* YOUR GOAL: Below are entries with pictures in them. Output exactly the lines starting at the line with "(Puedo enviarlo) Este" and ending at the line with "イヤリング レディース 日本製", both included, but not the pictures.

* MATERIALS PROVIDED:
*** Begin section ***
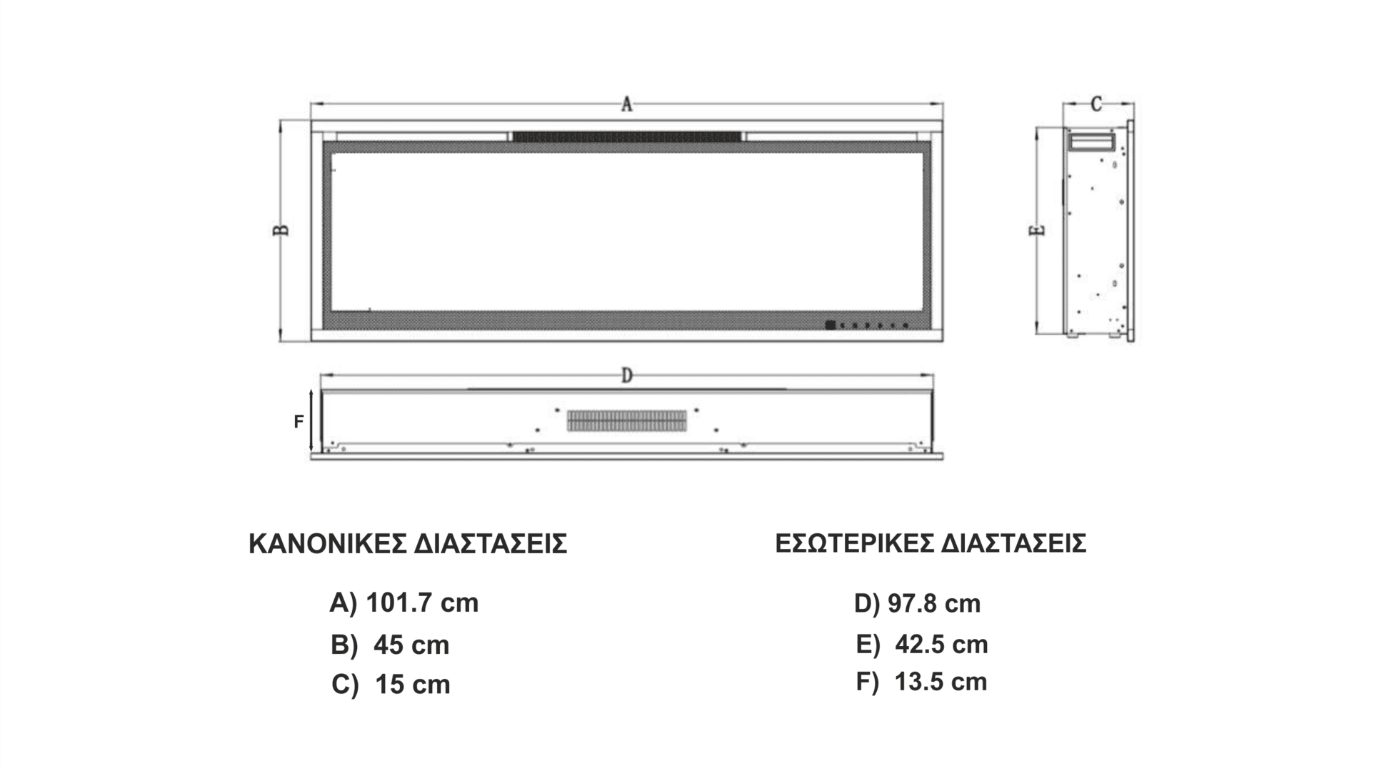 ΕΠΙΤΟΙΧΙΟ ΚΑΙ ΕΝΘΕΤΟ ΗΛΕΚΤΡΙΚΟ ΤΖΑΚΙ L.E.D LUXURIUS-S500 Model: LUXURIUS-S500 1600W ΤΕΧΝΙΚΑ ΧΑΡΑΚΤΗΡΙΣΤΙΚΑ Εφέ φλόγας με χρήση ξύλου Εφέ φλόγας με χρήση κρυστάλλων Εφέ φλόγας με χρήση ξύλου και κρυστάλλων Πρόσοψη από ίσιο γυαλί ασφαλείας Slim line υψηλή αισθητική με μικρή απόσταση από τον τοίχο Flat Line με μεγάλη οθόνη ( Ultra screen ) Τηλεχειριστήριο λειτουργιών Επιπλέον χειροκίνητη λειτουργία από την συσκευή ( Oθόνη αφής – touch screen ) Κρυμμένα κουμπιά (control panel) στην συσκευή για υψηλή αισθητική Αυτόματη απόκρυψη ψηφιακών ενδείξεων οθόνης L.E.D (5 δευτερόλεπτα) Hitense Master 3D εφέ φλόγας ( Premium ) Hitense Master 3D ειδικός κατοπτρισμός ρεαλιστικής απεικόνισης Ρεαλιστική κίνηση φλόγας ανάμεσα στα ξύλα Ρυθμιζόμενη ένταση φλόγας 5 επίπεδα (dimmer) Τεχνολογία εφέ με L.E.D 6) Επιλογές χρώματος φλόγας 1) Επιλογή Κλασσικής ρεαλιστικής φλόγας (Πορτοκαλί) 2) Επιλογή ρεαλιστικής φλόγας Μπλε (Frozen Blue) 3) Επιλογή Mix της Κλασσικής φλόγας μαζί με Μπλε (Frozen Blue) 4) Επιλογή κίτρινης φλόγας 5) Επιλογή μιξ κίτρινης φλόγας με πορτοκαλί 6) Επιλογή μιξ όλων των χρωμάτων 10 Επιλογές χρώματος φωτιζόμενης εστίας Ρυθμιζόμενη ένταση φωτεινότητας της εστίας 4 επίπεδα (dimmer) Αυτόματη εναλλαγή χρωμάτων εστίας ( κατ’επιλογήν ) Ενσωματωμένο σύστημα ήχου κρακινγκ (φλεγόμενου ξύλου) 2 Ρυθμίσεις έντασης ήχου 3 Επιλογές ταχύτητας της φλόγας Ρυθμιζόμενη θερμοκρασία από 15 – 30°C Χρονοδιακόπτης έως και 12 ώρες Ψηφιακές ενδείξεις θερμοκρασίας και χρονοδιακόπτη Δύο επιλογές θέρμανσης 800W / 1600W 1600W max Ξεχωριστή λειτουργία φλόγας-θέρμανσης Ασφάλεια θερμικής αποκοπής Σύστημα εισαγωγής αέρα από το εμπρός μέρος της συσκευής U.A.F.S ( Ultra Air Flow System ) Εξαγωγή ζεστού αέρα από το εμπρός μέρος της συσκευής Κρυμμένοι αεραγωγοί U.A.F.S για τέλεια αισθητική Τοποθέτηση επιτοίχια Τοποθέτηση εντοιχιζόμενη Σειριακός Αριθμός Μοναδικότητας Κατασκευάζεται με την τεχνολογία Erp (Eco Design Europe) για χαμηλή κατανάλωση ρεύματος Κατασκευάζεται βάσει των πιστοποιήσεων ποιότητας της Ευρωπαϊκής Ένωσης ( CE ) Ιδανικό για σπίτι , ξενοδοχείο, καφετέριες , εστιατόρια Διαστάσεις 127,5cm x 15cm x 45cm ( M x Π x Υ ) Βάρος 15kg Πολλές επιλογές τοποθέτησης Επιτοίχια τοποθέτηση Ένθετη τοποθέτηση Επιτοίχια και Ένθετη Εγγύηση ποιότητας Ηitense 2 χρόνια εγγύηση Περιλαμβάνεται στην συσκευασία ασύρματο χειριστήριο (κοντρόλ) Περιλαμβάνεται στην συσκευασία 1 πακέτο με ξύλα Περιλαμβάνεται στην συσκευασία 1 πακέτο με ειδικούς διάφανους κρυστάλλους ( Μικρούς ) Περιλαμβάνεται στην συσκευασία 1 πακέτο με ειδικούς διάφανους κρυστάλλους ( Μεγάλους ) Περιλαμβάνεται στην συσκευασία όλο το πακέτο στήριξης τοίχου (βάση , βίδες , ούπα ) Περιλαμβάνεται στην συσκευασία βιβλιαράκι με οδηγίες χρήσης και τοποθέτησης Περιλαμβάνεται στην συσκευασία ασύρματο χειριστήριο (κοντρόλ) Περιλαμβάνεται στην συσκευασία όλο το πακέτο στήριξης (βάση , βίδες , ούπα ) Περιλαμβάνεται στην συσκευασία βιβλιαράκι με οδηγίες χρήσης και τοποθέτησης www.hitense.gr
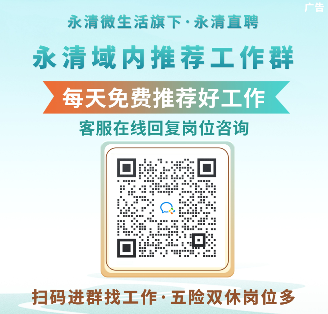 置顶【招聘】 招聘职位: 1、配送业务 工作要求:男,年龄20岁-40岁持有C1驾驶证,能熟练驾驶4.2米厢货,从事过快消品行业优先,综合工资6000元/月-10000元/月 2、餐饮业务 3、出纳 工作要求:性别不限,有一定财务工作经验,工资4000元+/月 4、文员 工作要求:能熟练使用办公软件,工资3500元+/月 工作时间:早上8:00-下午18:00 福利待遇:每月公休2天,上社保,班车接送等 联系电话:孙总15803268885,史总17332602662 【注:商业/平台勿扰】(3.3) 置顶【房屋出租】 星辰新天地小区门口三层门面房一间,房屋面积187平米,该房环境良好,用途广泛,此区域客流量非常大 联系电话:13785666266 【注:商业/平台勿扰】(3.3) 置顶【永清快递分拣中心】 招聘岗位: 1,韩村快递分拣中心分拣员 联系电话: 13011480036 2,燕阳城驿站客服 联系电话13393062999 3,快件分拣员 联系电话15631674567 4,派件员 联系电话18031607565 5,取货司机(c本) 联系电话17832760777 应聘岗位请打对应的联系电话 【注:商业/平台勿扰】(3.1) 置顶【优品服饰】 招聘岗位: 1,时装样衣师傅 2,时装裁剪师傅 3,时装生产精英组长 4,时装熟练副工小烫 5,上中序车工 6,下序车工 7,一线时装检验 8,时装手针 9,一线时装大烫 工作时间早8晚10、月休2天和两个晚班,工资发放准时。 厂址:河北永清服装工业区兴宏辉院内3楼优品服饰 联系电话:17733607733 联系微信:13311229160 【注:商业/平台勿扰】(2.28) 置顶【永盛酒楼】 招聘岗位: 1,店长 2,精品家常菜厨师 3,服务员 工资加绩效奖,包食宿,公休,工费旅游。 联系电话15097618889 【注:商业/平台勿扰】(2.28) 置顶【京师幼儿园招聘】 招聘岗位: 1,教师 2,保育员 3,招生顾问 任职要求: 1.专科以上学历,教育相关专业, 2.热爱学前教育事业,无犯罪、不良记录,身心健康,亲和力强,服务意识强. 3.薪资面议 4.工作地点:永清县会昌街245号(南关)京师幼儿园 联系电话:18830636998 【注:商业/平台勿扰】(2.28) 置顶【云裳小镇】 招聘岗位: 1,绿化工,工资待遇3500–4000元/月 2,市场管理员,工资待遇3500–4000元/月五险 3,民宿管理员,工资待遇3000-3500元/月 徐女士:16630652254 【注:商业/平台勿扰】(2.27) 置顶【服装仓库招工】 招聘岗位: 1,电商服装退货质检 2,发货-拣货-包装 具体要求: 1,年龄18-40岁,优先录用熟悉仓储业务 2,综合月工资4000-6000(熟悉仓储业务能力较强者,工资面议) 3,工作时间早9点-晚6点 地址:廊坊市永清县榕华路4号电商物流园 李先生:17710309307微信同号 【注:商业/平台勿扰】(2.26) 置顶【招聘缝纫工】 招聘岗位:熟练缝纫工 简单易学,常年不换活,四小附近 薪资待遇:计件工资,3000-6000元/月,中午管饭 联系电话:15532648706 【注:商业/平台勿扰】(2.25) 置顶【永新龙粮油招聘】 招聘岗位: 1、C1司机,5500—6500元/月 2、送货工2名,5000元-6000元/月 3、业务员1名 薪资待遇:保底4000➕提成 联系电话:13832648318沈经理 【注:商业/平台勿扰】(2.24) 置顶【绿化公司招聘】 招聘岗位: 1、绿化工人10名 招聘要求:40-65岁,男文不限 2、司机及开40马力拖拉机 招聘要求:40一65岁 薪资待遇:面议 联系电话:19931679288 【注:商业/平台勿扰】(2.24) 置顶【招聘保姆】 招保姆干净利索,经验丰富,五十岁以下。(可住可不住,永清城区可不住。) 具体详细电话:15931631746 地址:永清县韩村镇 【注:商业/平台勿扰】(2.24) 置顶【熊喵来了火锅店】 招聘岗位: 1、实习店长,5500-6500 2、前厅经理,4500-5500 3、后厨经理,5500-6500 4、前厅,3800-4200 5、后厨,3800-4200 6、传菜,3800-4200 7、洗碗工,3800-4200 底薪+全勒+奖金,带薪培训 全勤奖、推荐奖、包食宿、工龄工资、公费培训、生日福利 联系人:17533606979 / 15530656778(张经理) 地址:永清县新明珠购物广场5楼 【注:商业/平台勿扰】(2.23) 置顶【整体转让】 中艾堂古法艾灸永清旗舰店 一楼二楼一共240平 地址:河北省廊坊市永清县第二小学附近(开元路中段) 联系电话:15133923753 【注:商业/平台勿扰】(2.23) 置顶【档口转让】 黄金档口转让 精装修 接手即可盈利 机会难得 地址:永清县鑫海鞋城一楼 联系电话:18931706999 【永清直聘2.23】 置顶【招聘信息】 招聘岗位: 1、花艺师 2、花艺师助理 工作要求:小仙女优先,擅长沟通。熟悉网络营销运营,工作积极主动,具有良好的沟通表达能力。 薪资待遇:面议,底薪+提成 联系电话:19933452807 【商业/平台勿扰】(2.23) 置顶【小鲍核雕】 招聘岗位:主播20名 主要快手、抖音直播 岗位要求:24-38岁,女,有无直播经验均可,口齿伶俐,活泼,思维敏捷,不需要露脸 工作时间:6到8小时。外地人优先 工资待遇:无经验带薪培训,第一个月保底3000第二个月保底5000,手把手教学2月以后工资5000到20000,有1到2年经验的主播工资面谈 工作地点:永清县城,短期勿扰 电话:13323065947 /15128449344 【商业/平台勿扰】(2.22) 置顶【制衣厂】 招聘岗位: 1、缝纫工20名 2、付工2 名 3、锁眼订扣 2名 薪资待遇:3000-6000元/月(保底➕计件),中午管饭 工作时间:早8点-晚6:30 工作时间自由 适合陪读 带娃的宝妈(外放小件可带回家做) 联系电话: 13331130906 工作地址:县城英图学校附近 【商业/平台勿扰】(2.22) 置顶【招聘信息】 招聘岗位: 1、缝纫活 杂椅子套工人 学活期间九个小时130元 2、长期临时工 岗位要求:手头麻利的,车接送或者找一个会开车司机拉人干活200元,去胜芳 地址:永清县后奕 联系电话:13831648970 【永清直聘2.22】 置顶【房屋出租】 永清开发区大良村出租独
*** End section ***
*** Begin section ***
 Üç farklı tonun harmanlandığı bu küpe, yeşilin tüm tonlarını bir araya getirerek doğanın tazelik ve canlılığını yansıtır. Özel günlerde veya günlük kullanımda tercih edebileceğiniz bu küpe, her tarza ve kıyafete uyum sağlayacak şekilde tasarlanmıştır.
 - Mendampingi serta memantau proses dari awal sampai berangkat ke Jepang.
*** End section ***
*** Begin section ***
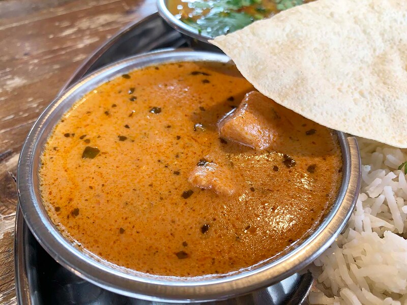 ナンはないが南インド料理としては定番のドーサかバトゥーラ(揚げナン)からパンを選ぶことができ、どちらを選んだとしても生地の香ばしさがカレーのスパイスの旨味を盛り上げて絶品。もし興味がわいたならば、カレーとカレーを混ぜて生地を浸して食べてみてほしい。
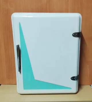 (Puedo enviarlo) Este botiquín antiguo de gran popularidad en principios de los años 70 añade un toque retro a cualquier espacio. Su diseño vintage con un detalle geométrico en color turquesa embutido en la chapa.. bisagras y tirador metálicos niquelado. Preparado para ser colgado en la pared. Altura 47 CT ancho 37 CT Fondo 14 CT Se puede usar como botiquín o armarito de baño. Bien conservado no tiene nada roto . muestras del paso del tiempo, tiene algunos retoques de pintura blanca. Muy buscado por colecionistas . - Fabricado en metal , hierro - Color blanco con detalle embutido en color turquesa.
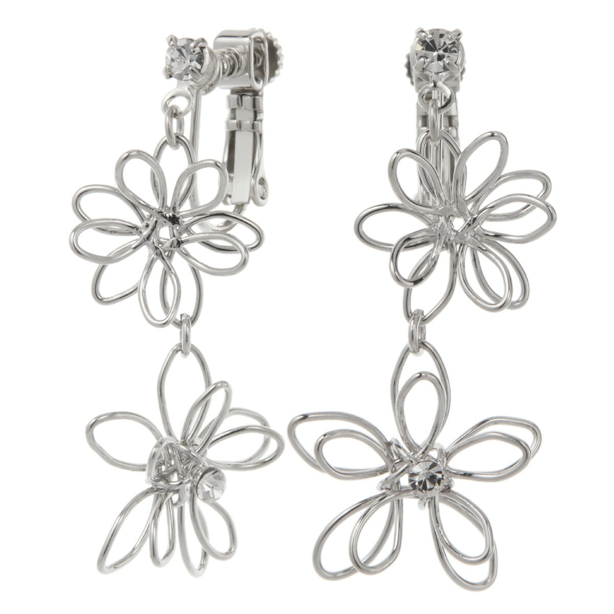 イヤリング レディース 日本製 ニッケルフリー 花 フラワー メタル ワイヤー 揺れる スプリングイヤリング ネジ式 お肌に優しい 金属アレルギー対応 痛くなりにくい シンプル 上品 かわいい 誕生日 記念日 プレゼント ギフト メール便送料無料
*** End section ***
* OUTPUT OF THE TASK:
 (Puedo enviarlo) Este botiquín antiguo de gran popularidad en principios de los años 70 añade un toque retro a cualquier espacio. Su diseño vintage con un detalle geométrico en color turquesa embutido en la chapa.. bisagras y tirador metálicos niquelado. Preparado para ser colgado en la pared. Altura 47 CT ancho 37 CT Fondo 14 CT Se puede usar como botiquín o armarito de baño. Bien conservado no tiene nada roto . muestras del paso del tiempo, tiene algunos retoques de pintura blanca. Muy buscado por colecionistas . - Fabricado en metal , hierro - Color blanco con detalle embutido en color turquesa.
 イヤリング レディース 日本製 ニッケルフリー 花 フラワー メタル ワイヤー 揺れる スプリングイヤリング ネジ式 お肌に優しい 金属アレルギー対応 痛くなりにくい シンプル 上品 かわいい 誕生日 記念日 プレゼント ギフト メール便送料無料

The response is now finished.